On February 14, 2021, Democratic State Senator John Blake announced he would be resigning as Senator of the 22nd senatorial district to take a position in the office of U.S. Representative Matt Cartwright. Flynn and Representative Kyle Mullins of the 112th district both sought the Democratic nomination in the special election to succeed Blake. On March 13, Democrats held a special convention where members of the local Democratic Party committees selected a nominee. Flynn won the party's nomination by a vote of 206 to 118. In the special election, held on May 18, Flynn received 51.2% of the vote, defeating Republican Chris Chermak, a county commissioner in Lackawanna County, who received 38.5%, while Marlene Sebastianelli of the Green Party received 9.2% of the vote and Nathan Covington of the Libertarian Party received 1.1%.

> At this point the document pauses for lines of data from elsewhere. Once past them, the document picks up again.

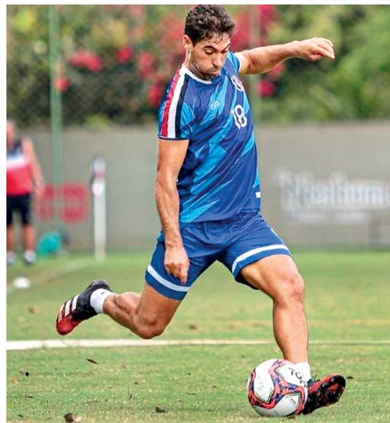
RAFAEL MELO/SANTA CRUZ

A única dúvida para o duelo fica por conta do volante Gilberto, que segue no Departamento Mé-
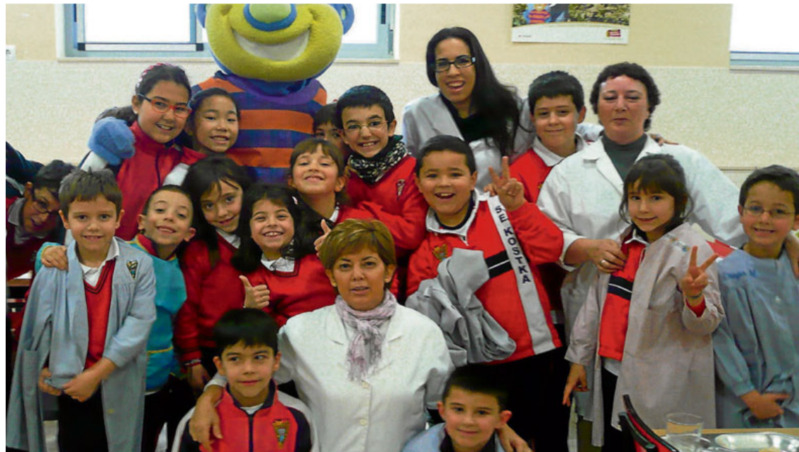
En el comedor con nuestra mascota "Spyke".

TAICHI. Las disciplinas de cuerpo y mente, el equilibrio y canalización de nuestra energía, el control y mejora de
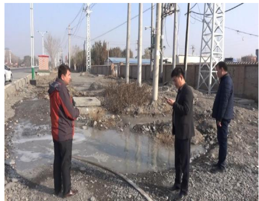
图：执法人员现场检查图片
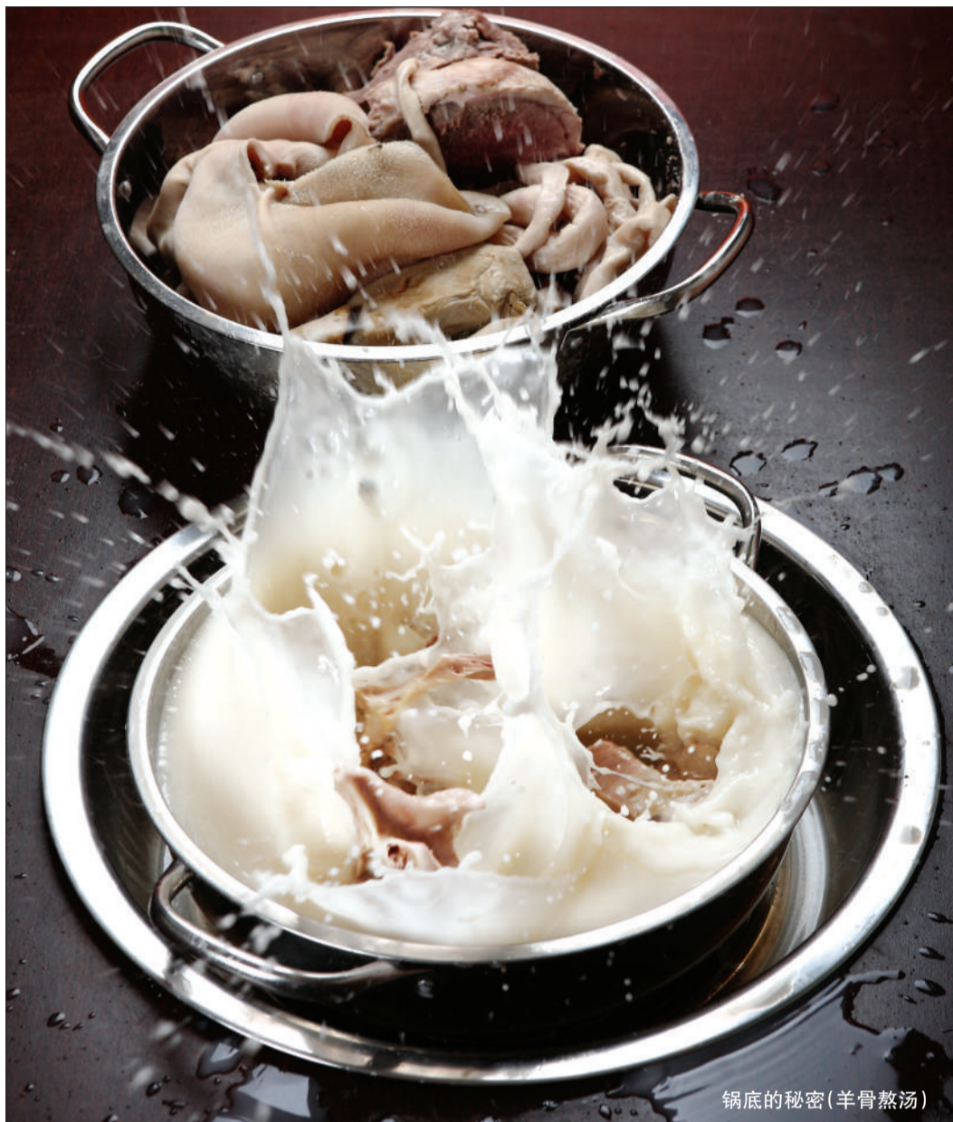
锅底的秘密(羊骨熬汤)
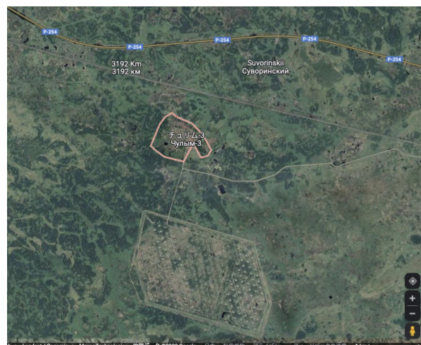
Чулым-3 and Chulym arsenal
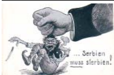
Postkarte aus dem I. Weltkrieg

Mit dem rechtswidrigen Angriff auf Jugoslawien, sind wir auf dem besten Weg unsere „ruhmreiche“ und kriegerische Tradition wiederaufzunehmen. „Serbien muß sterben“ hieß es im I. Weltkrieg. Diese Parole gilt heute noch und war gleichzeitig der Auftakt dafür,
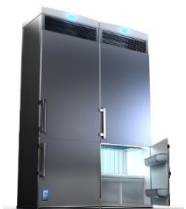
Réfrigérateur et congélateur à usage commercial
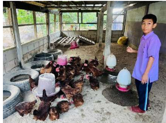
ภาพที่ ๖ ให้น้ำและอาหารไก่ไข่พันธุ์พระราชทาน
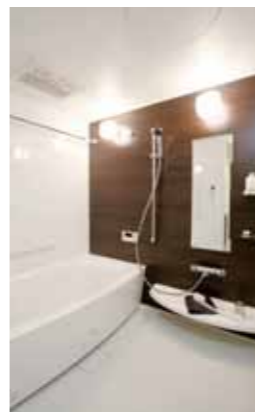
ワンランク上のくつろぎをめざしたバスルーム i-X
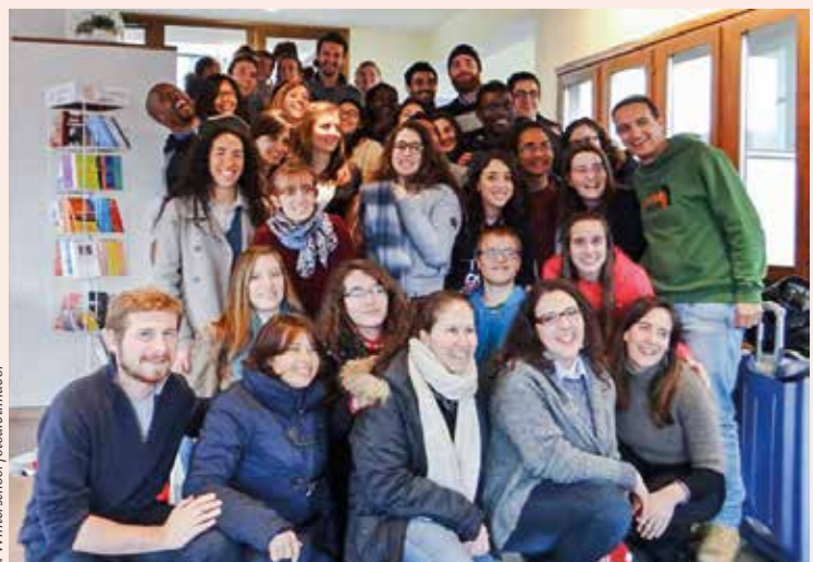
a Winterschool fotóalbumából

Interdiszciplináris és interkulturális jellegéből eredően a kurzus a résztvevők számára lehetővé tette, hogy reflektáljanak, mintegy a gyakorlatban is megtapasztalják és megértsék az egység kultúrája alapvetését, amelyet a Sophia akadémiai szinten is közvetíteni kíván. A Trentóban eltöltött intenzív egy hét, az előadások, a véleményserék mind az előadókkal mind pedig a résztvevőkkel, a különböző kontinensekről érkezett fiatalokkal való barátságok, a különböző sportprogramok együttesen hozzájárultak ahhoz, hogy ne csak egy hét erejéig érezzük, mondjuk, mondhassuk magunkat Sophiás diáknak. ■
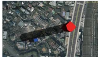
▲周辺の日影シミュレーション
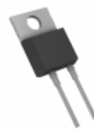
RFNL10TJ6SGC9 Rohm Semiconductor DIODE GP 600V 10A TO220ACFP
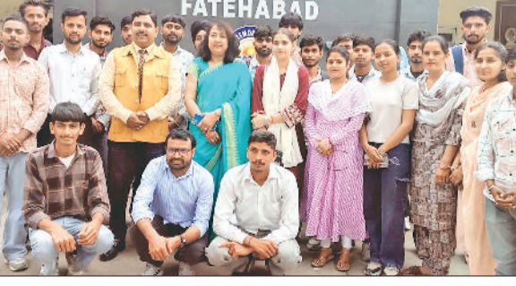
फतेहाबाद। कॉलेज पहुंचे मुख्य वक्ता का स्वागत करते स्टाफ सदस्य व विद्यार्थी।

विद्यार्थियों को डिजिटल युग के महत्वपूर्ण टूल्स के बारे में जानकारी दी
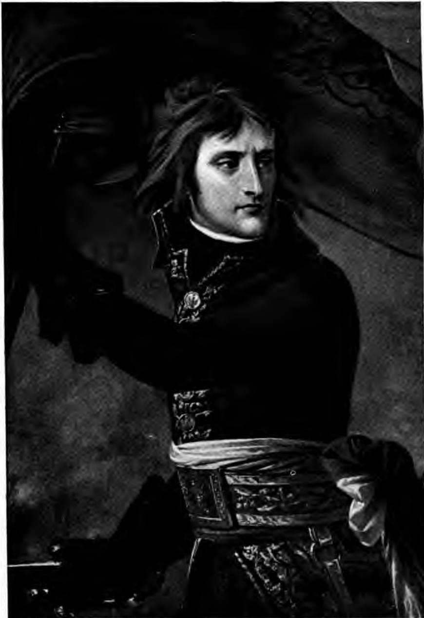
BONAPARTE A ARCOLE par Gros.
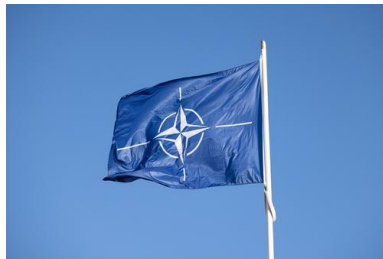
Флаг НАТО, FinnishGovernment / Wikimedia Commons

17 марта 2025, 06:54 Источник: «Известия»
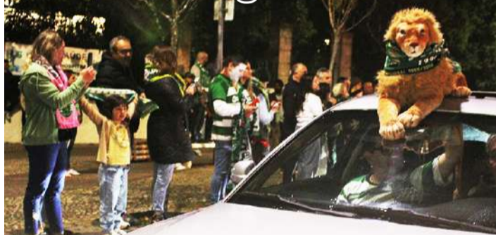
A festa nas Caldas

Uma “onda” verde e branca inundou, na noite de 5 de maio, a cidade das Caldas da Rainha, onde os adeptos sportinguistas festejaram o título de campeão nacional de futebol, beneficiando da derrota do Benfica na vi-
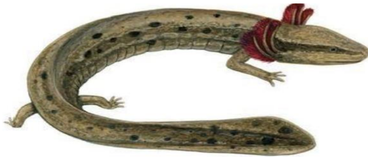
Necturus maculosus السلمندر
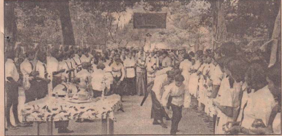
வட்டக்கச்சி பிரதேச மாவீரர்களின் பெற்றோர் கௌரவிப்பு நிகழ்வு கிராமநாதபுரம் ம.வியில் கடந்த மாதம் நடைபெற்றது. இந்நிகழ்வில் பாடசாலை மாணவர்கள் அணிவகுத்து நின்று மாவீரர் பெற்றோர்களுக்கு மலர் மாலை அணிவித்து கலைநிகழ்வுகளுடன் அவர்களை மண்டபத்துக்கு அழைத்துச் செல்வதைப் படத்தில் காணலாம்.

குளத்தின் புனரமைப்பு வேலைகள் நிராகரிக்கப்பட்டமை குறித்து விவசாயிகள் விசமம் தெரிவிக்கின்றனர். இவ்விடயம் குறித்து அரச அதிபர், உதவி அரச அதிபர் ஆகியோருக்கு மகஜர்கள் அனுப்பி வைத்துள்ளனர். இக்குளம், 12 அடி நீர் கொள்ளக் கூடியது. தற்போது தூர்ந்துள்ள நிலையில் 9 அடி நீர் மட்டமே கொள்ளக்கூடியதாகவுள்ளது. மழையினால் இக்குளக்கட்டில் பாரிய உடைப்பு ஒன்று ஏற்பட்ட போதிலும் விவசாயிகள் ஆதனை மண்மூடைகள் போட்டு தற்காலிகமாகத் தடுத்துள்ளனர். இக்குளத்தினைப் புனரமைப்புச் செய்யாவிடில், குளத்து நீரை நம்பி இருக்கும் விவசாயிகள் பெரிதும் பாதிக்கப்படுவார்கள் என்று கூட்டிக்காட்டப்படுகிறது. இதனால், 'நியாப்' திட்டத்தின் கீழ் இக்குளத்தினைப் புனரமைத்து விவசாயத்துக்கு உதவ வேண்டுமென விவசாயிகள் கோரிக்கை விடுத்துள்ளனர். (ஐ-341-204)
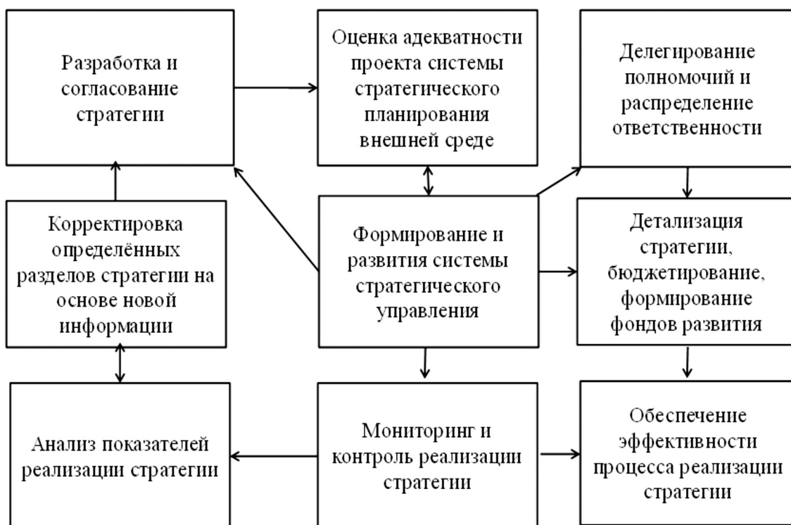
Рисунок 2. Процесс формирования и совершенствования системы стратегического управления организацией.

Также система стратегического планирования развития организации может строиться на различных подходах к участию руководителей и специалистов в процессе разработки стратегии. Отличительные особенности под-
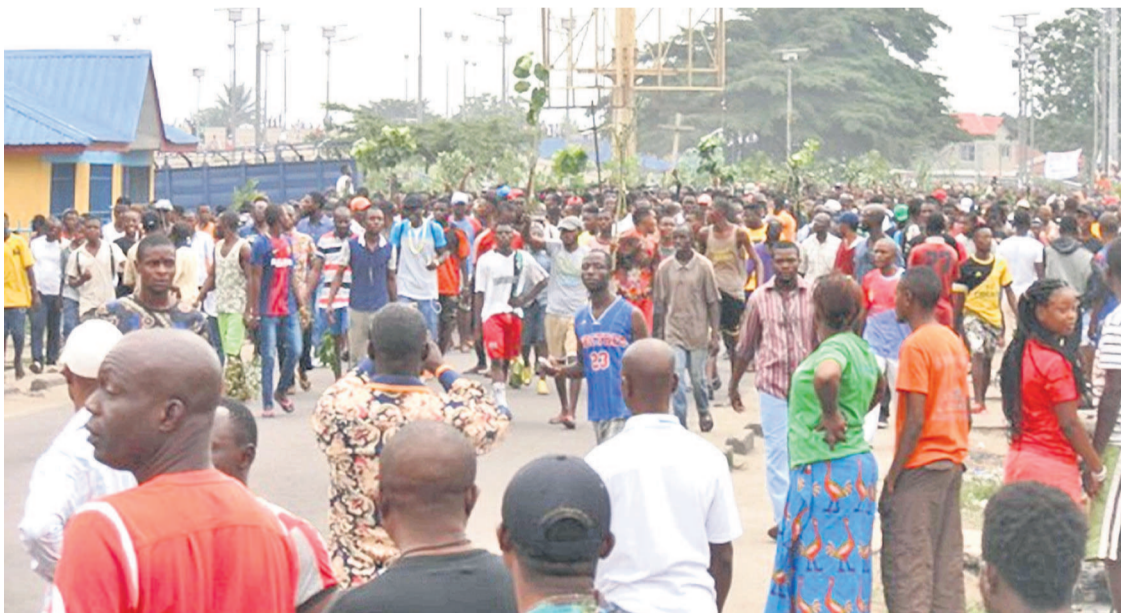
Les participants à la marche du 21 janvier 2018 gestion des manifestations publiques en RDC de janvier 2017 à janvier 2018 ».

L'Institut de recherche en droits humains a sollicité du Haut-commissaire aux droits de l'homme et de la cheffe de la Monusco d'inclure la condamnation de la violation du droit d'accès à l'internet et la responsabilité des multinationales de télécommunications dans le rapport intitulé « Recours illégal, injustifié et disproportionné à la force lors de la

Flynn was sworn in to the Senate on June 9. He was succeeded in the state house by Thom Welby, his former chief of staff. In the state senate, Flynn is the minority chair of the finance committee, and serves on the appropriations, Community, Economic and Recreational Development, and Transportation committees. Following a report that the Pennsylvania Turnpike Commission failed to collect $104 million in unpaid tolls in 2020, Flynn, who serves as the ranking Democrat on the Senate Transportation Committee, filed legislation to reform their method of toll collection in January 2022. In February 2022, Flynn filed legislation that would allow judges to compel people convicted of driving under the influence of having to pay child support for a child if their parent was killed by the drunk driver. In 2025, he broke party lines to vote in favor of banning transgender girls from women's sports.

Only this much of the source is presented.